I have a 1959 Debutante I am restoring.  The pedals, kickstand, and fender supports seem to be coated with the same material.  What is this and how can in be replicated today?  Thank you.  If anyone knows of a quality source for paint and decals that would also be appreciated.


----------



## rhenning (Mar 2, 2016)

Picture please.  Not 100% sure what you mean.  The coating is called cadmium plating if it is what I think you mean.  It isn't really done anymore.  The process isn't very safe to do.  Roger


----------



## GTs58 (Mar 2, 2016)

I call it galvanized. A nice match is VHT's Flat Silver Ceramic Header paint that can be baked on for a longer lasting finish.


----------



## CrazyDave (Mar 2, 2016)

rhenning said:


> Picture please.  Not 100% sure what you mean.  The coating is called cadmium plating if it is what I think you mean.  It isn't really done anymore.  The process isn't very safe to do.  Roger



 YES! Thank you! Cadmium seems to be it!   Found a place not too far that still does it and cheap too compared to chrome.  Does seem similar to galvanizing, but yet a bit different.


----------



## rustjunkie (Mar 3, 2016)

As I understand it having parts cadmium plated does generally cost less than chrome plating largely because of labor. Usually the shop will do zero prep beyond cleaning for cadmium plate.
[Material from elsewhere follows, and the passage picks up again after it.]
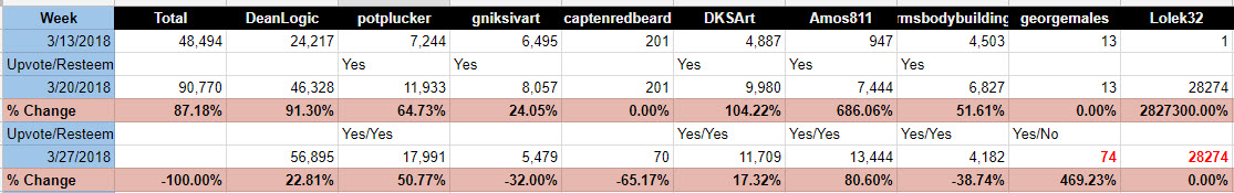- Player with the highest percentage point increase from the previous week, wins 1 SBD or 100% of the article payout if less than 1 SBD.

If you hand them a dirty rust-pitted bolt with vise grip marks on it you'll get back a clean shiny silver rust-pitted bolt with vise grip marks on it.


----------



## hellshotrods (Mar 3, 2016)

You can also buy cad plating kits to do small parts yourself and save money, if you are inclined to go that route.

http://www.eastwood.com/eastwood-s-tin-zinc-electroplating-system.html


----------